In yesterday’s post, I introduced the idea of authority control and showed how it is similar to the idea of disambiguation in Wikipedia. Today, I want to go into authority control in more depth.
The purpose of authority control is to have one term – and one term only – to represent a concept, name, or place. (This post will focus on concepts, but you’ll be able to extrapolate this idea for names and places.) This official term is the authorized heading. The Library of Congress publishes lists of these authorized headings.
Why is this important?
If you want to get the best search results, then you’ll want to search with the authorized subject headings.
So, for instance, if you want to search for works about feminist philosophy, you should know that the official term is not “feminist philosophy”, nor is it “women and philosophy”. Instead, the official subject heading is “feminist theory”.
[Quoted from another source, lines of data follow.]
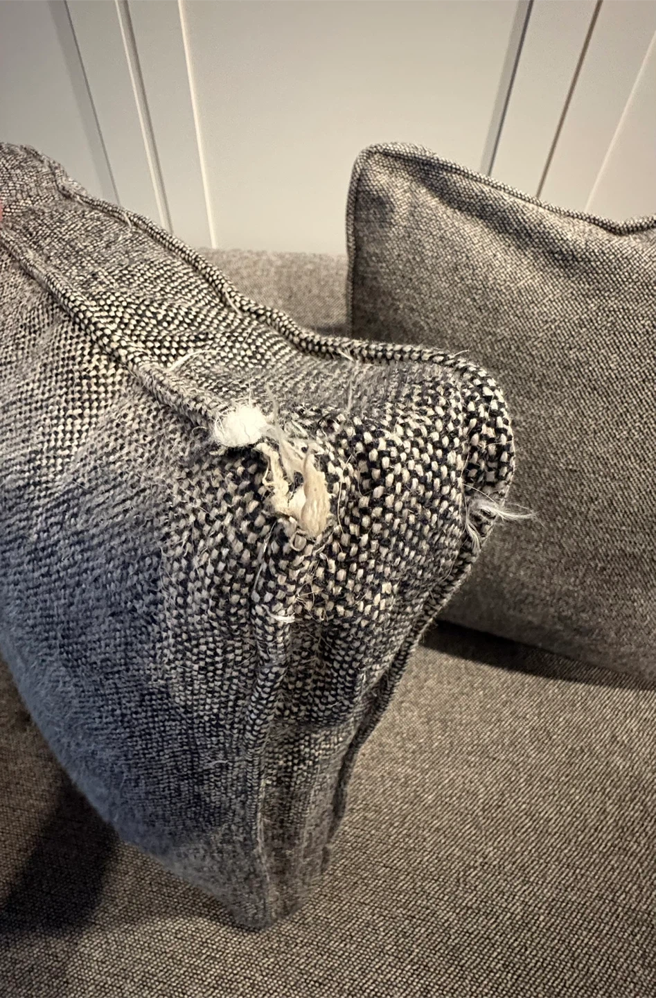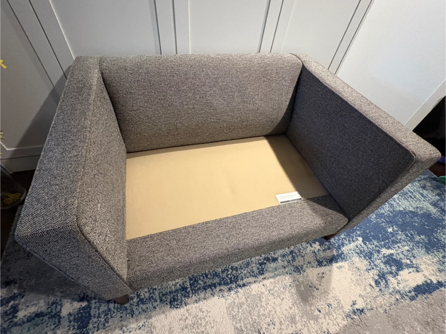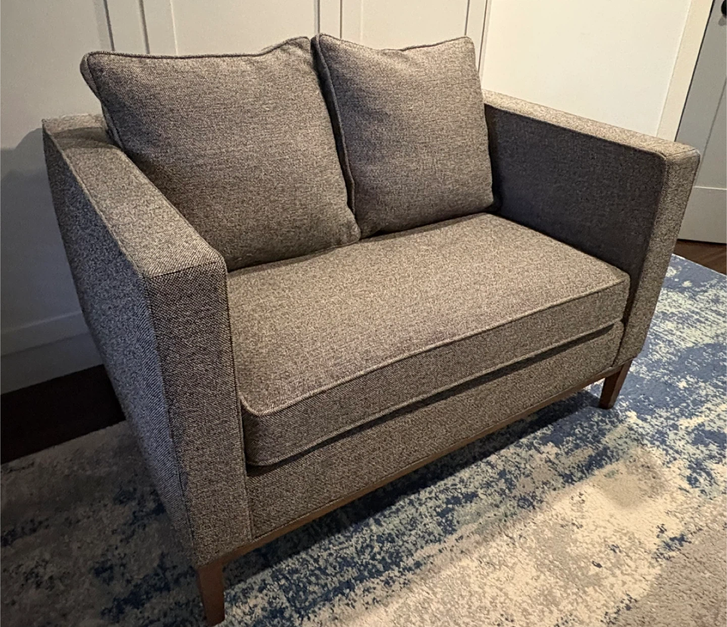 Selling a comfy chair-and-a-half/loveseat sofa. It features a modern design with a textured salt-and-pepper fabric. Perfect for a small space or as an accent piece in a larger room. Dimensions are 46”w x 33”d x 28”h (18” seat height). Solid wood frame with walnut legs. Seat cushion is foam-wrapped in feathers, and back cushion is stuffed with feathers. Small bite damage on corner of one back cushion (pictured) and front left leg has been repaired from damage by movers. It's a great piece of furniture and ready for a new home!
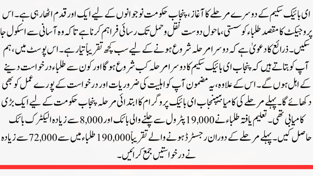 The launch of the second phase of the E-Bike Scheme, the Punjab government is taking another step for the young. The project aims to provide students with access to afford, eco-friendly transportation so that they can easily commute to school. Sources claim that everything is almost ready for the second phase to begin. In this post, let us tell you when the second phase of the Punjab E-Bike Scheme will start and which students will be eligible to apply. Also, this article will show you the eligibility requirements and the entire application process.
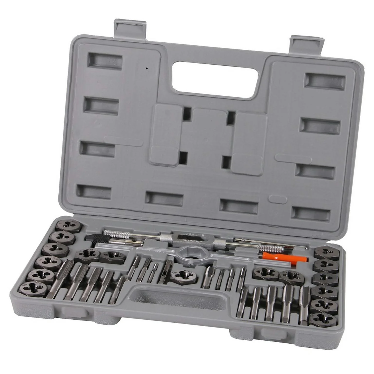 Tappenset engels Hooggelegeerd staal 17x snijkussens en 17x tappen: - 4 - 40 UNC- 6 - 32 UNC- 8 - 32UNC- 10 - 24 UNC- 10 - 32 UNC- 12 - 24 UNC- 1/4" 20 UNC- 1/4" 28 UNF- 5/16" 18 UNC- 5/16" 24 UNF- 3/8" 16 UNC- 3/8" 24 UNF- 7/16" 14 UNC- 7/16" 20 UNF- 1/2" 13 UNC- 1/2" 20 UNF- 1/8 NPT 27 - 1x...
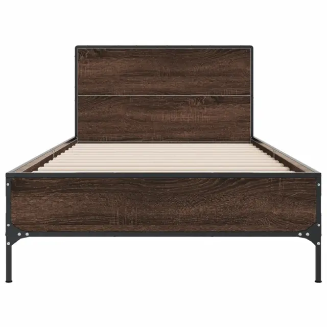 Posteljni okvir - Enojna postelja - Postelja za odrasle rjav hrast 100x200 cm inženirski les in kovina-J8870
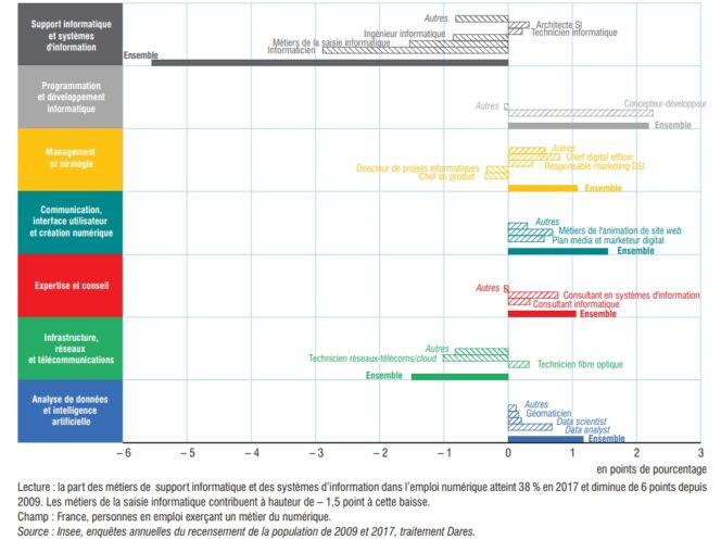 « Ce sont les métiers des programmeurs et des développeurs (14 % de l’emploi du numérique en 2017) qui se sont le plus développés ces dernières années (+ 2 points depuis 2009). Viennent ensuite les métiers de la communication (+ 2 points) : ils représentent désormais 13 % des métiers du numérique en 2017, les métiers de l’animation des sites web, ainsi que ceux de l’élaboration de plans média et du marketing digital, ayant particulièrement augmenté », précise l’étude de la DARES.
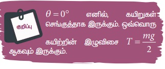 (ii) இரண்டு கயிறுகளின் வழியே செயல்படும் இழுவிசைகள் (T)

As an aside, the Library of Congress has been accused on more than a few occasions of using racist, sexist, homophobic, demeaning, or just downright stupid subject headings. If you ever want to discuss it, contact me. We’ll go grab a cup of coffee, and I’ll tell you about Sandynistas.
For now, we will leave aside the issue of whether or not you like the subject heading. The point is that there is one and only one subject heading for a given concept, and if you know it, your catalog searches will be awesome, because you will be able to find everything in the catalog that has that subject heading.
Before I get into the complicated part, let’s think about the power of this for a second. When you search Google or you search an article database, you are searching the full text of bazillions of documents. You can find lots of stuff using keywords. But you have probably had this experience when using Google: you enter some keywords, and then the results aren’t what you want. Then you change the keywords and see if you can get different results. You might do this a few times until you find something that looks useful to you.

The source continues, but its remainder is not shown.